01 Nov Klaus Joehnk
Klaus is a water quality modeller leading the Modelling Water Ecosystems team at CSIRO Land and Water. He is researching the impact of external drivers on aquatic ecosystems. His primary research areas include harmful algal blooms and continental scale modelling of aquatic systems.
Water quality in river systems and wetlands has deteriorated worldwide over the last decades due to intensification in land use and associated nutrient loading or changes in natural flow regimes. The most obvious impacts are increase in the frequency of harmful algal blooms caused by potentially toxic cyanobacteria and fish kills due to hypoxia. Other problems are not immediately visible or have indirect impacts like contamination by metals and pathogens, or vector borne diseases depending on wetting and increased temperature. To reduce health and economic risks posed by such water quality issues, there is an increased need for early warning systems integrating hydrodynamic and hydrologic modelling tools with advanced technologies from Earth observation or epidemiological models allowing for timely intervention and optimized management options.

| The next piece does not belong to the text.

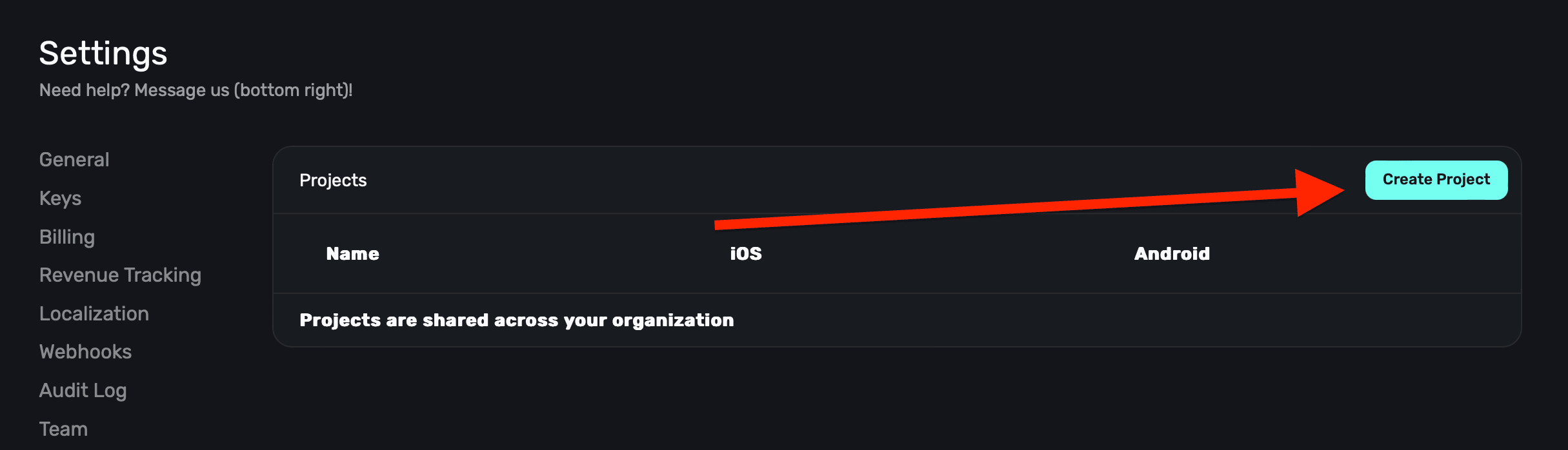 To create a new project, click the Create Project button at the top right:
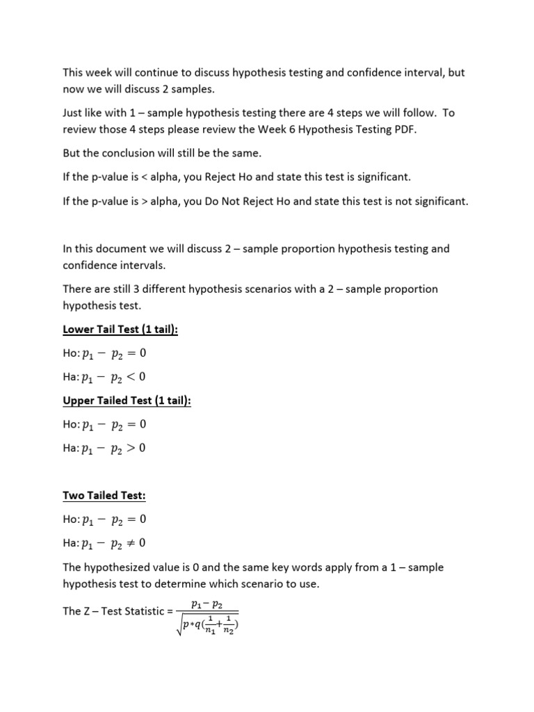 SOLUTION: Module 20 proportions for two samples - Studypool

Here we summarize available techniques and give examples from case studies from the Murray River system, Australia, which is especially plagued by harmful algal blooms occurring more frequently in the last decade leading to significant losses in the tourism industry but also affecting water treatment plants. Satellite remote sensing allows us to follow the development of such blooms in the upstream, seeding reservoir and hydrodynamic simulations provide operating strategies for risk minimization. A generalization of these combined methods will allow not only for Early Warning but also for short-term prediction of algal blooms using weather forecasts. Furthermore, combining satellite imagery for flood inundation and hydrological modelling with large scale water temperature simulations in the Lachlan catchment allows us to characterize the physical environment for fish in this system. This information is combined with a demographic and epidemiological model for carp to research the spread of a carp specific virus meant to reduce this invasive species. The system will be upscaled to the entire Murray Darling Basin.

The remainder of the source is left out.